**Your assignment**.
Lines to return, exactly: from the line with "Penyerahan Tahap II" to the line with "labda egy csomagban" in the entries below, both included.

**Data section**.
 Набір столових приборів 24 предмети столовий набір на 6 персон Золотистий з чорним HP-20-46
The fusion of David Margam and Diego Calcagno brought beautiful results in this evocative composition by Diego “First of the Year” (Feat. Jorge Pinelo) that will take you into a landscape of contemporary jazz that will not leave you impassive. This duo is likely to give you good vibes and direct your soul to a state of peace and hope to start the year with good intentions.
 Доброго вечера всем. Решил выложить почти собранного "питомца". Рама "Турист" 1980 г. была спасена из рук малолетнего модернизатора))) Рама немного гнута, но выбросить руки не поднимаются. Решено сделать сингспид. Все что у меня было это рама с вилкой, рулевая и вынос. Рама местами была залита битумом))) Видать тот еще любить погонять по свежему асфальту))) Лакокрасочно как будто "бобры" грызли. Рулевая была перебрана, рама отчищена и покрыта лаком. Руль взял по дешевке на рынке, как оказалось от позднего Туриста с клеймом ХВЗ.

* * *

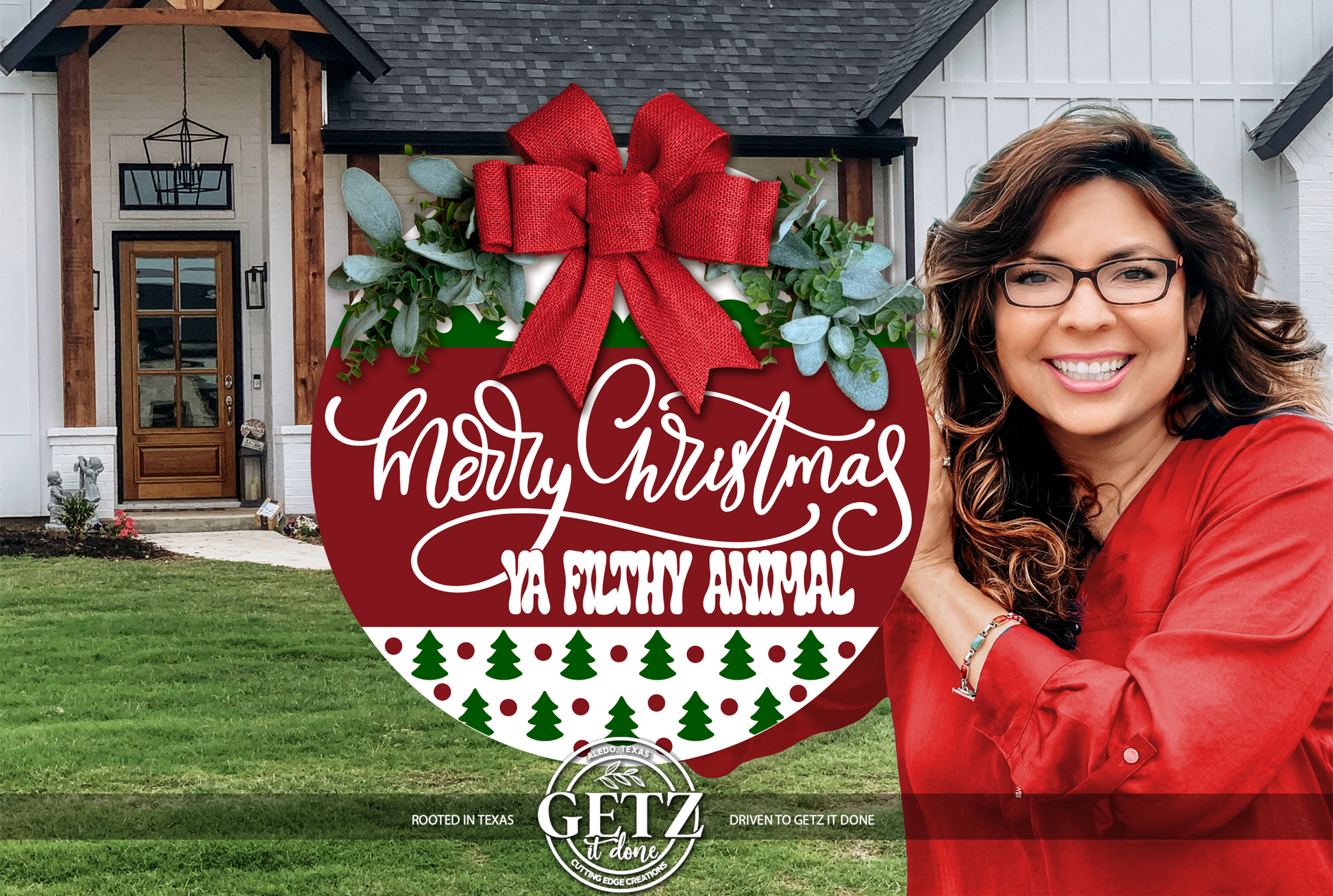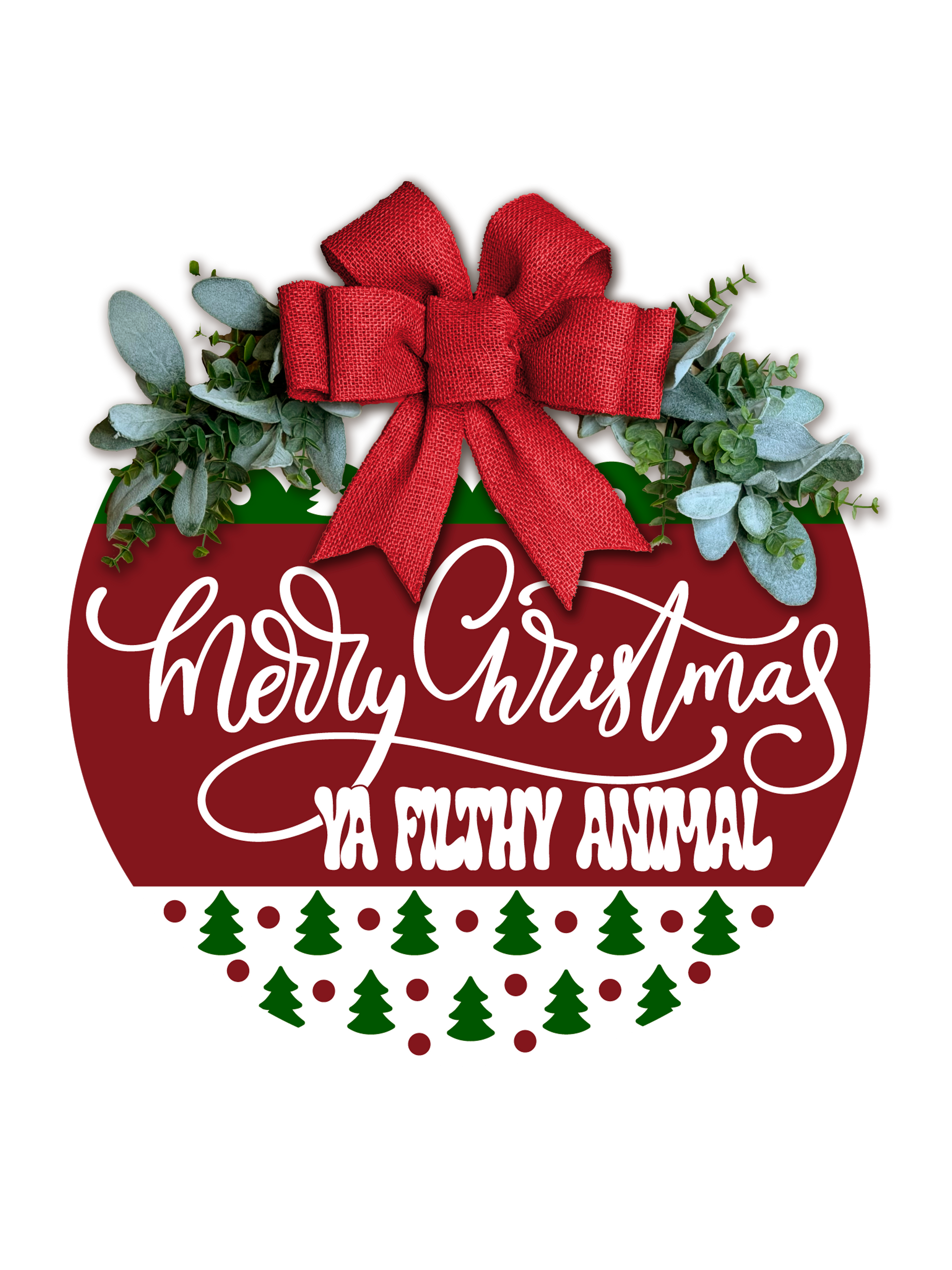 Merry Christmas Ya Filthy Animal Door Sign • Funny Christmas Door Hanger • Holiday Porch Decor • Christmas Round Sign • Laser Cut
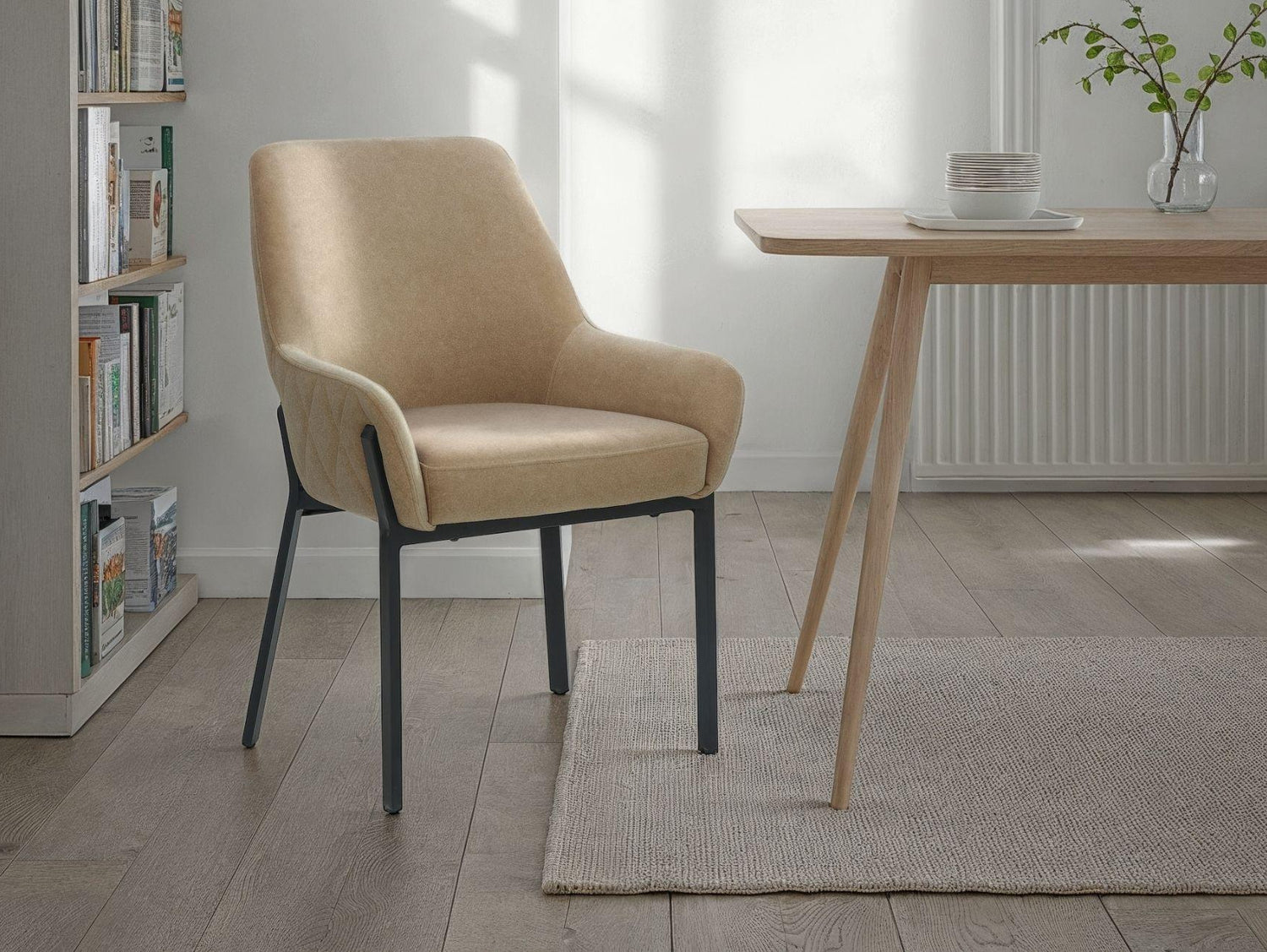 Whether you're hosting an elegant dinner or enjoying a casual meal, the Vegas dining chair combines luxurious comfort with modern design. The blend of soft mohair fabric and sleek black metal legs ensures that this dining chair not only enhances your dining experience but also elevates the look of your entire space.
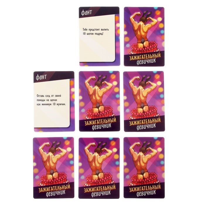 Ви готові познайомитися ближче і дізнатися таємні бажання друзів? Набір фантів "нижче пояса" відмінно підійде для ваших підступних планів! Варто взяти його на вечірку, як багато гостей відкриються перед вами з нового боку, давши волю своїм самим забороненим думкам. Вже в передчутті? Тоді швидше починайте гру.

* * *

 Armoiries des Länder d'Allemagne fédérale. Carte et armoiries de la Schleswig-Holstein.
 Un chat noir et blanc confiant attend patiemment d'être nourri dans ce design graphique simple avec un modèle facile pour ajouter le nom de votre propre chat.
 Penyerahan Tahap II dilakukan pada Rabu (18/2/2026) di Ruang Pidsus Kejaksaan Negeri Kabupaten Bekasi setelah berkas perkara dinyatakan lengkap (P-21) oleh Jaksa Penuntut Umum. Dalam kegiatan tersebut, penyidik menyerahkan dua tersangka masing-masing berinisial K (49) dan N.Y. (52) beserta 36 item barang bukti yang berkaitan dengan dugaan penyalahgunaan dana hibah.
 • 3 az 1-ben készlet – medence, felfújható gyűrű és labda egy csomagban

**Solution for this exercise**.
 Penyerahan Tahap II dilakukan pada Rabu (18/2/2026) di Ruang Pidsus Kejaksaan Negeri Kabupaten Bekasi setelah berkas perkara dinyatakan lengkap (P-21) oleh Jaksa Penuntut Umum. Dalam kegiatan tersebut, penyidik menyerahkan dua tersangka masing-masing berinisial K (49) dan N.Y. (52) beserta 36 item barang bukti yang berkaitan dengan dugaan penyalahgunaan dana hibah.
 • 3 az 1-ben készlet – medence, felfújható gyűrű és labda egy csomagban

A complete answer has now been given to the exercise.